Requires-Dist: uvicorn[standard]; extra == "serve"
Provides-Extra: tools
Requires-Dist: duckduckgo-search; extra == "tools"
Dynamic: license-file

# Kandiga

Giant models. Tiny memory.

Kandiga is an open-source MoE inference engine that uses **Selective Expert Materialization (SEM)** to run massive models on any Apple Silicon Mac. A 397B model that normally needs 224GB of RAM runs in 8GB. A 35B model runs in 2GB. No cloud, no API keys.

## Supported Models

| Model | Parameters | Active | Experts | Disk | Kandiga RAM | Min. Mac |
|-------|-----------|--------|---------|------|-------------|----------|
| Qwen3.5-35B-A3B | 35B | 3B | 256 | 20 GB | ~2 GB | 8 GB |
| Qwen3.5-122B-A10B | 122B | 10B | 256 | 70 GB | ~4 GB | 16 GB |
| Qwen3.5-397B-A17B | 397B | 17B | 512 | 224 GB | ~8 GB | 24 GB |

Without Kandiga, these models require their full disk size in RAM. With SEM, only the shared layers load to memory — expert weights stay on disk and are read on demand.

## How it works

MoE models have hundreds of expert sub-networks per layer, but only activate a few per token.

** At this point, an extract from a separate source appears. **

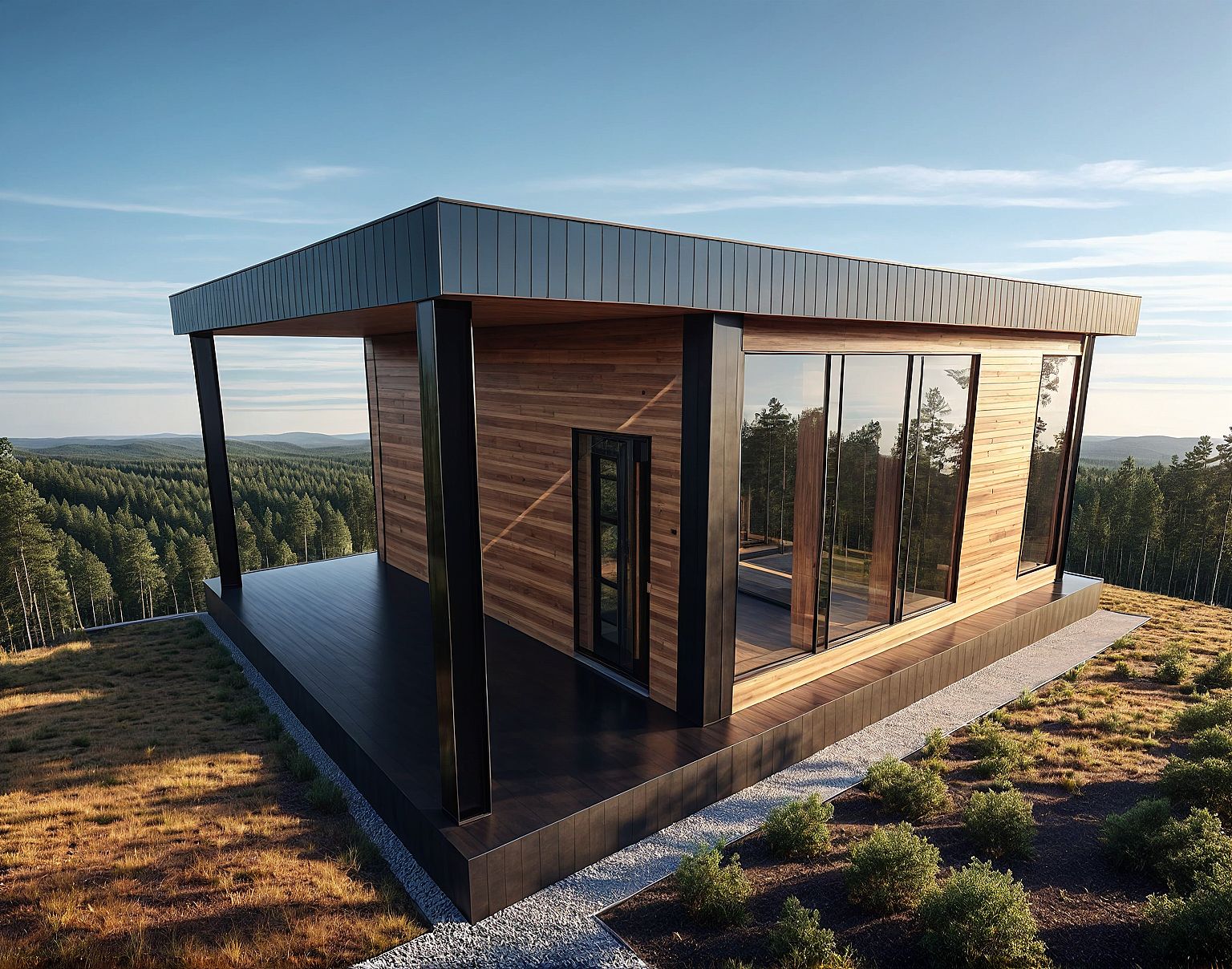 PromptModern minimalist house, wooden panels, glass windows, straight lines, geometric shapes, iron sheets and wooden planks, surrounded by forest.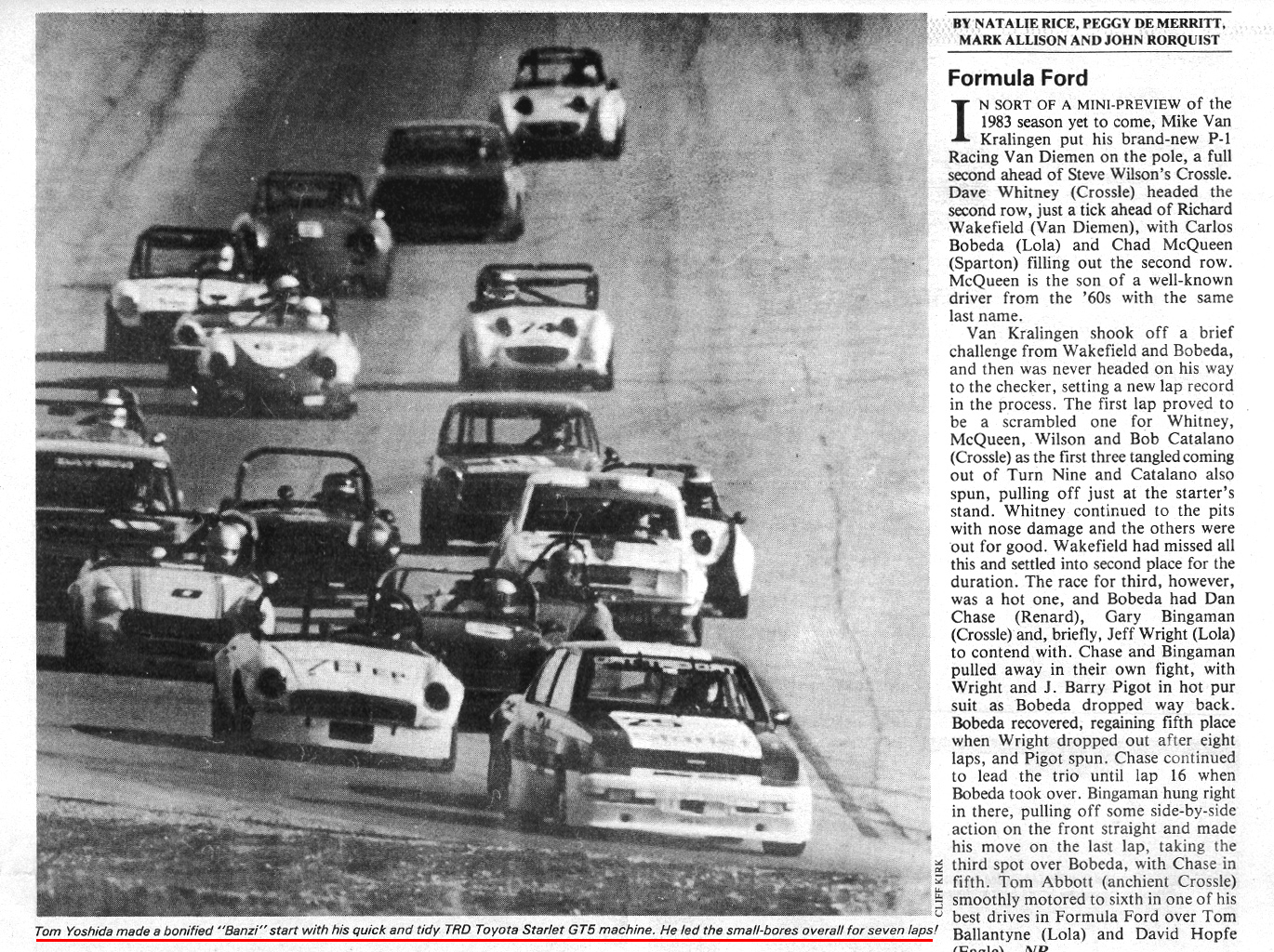 1982年12月。KP61でGT5のレースを始めた。そのKP61はふたりのオーナーの手を経てGreg Hotzの手に渡ったのが2004年。GregはフェイスブックにKP61のことを書いたのを見つけ、KP61が紹介されたアメリカの雑誌、グラスルーツモータースポーツを送ってくれた。今は2014年。GregはまだそのKP61でレースを続けている。あれから32年。ホモロゲーションが切れるとレースに参加できないFIA-ASNのレースでは考えられないライフスパンだ。

Kandiga exploits this sparsity:

1. **Shared layers** (attention, norms, embeddings) load to GPU memory
2. **Expert weights** stay on disk in packed binary files
3. **Per token**: the router selects which experts to activate (8 of 256)
4. **CPU computes** expert MLP with NEON-vectorized 4-bit dequant + GCD parallelism
5. **GPU computes** attention simultaneously via MLX (unified memory, zero copy)

## Install

```bash
pip install kandiga
```

Requirements: macOS with Apple Silicon (M1/M2/M3/M4), Python 3.10+

## Quick start

```bash
# One-time setup: download model + prepare expert files
kandiga setup

# Choose a different model
kandiga setup --model mlx-community/Qwen3.5-122B-A10B-4bit

# Interactive chat
kandiga chat

# Fast mode (K=4 experts instead of 8, ~2x speed)
kandiga chat --fast

# One-shot prompt
kandiga "What is the capital of France?"

# Start an OpenAI-compatible API server
kandiga serve

# Run benchmarks
kandiga bench

# Update to latest version
kandiga update
```

## Performance

Measured on M4 Mac Mini (16GB), Qwen3.5-35B-A3B-4bit:

| Mode | Experts | Speed | RAM | Quality |
|------|---------|-------|-----|---------|
| Quality (K=8) | 8/256 per layer | ~3.5 tok/s | ~2 GB | Full |
| Fast (K=4) | 4/256 per layer | ~6.5 tok/s | ~2 GB | Near-equal |

## KV Cache Compression (TurboQuant)

Every token generated grows a memory buffer called the **KV cache**. On a 16GB Mac, this normally limits conversations to ~4K tokens before RAM runs out.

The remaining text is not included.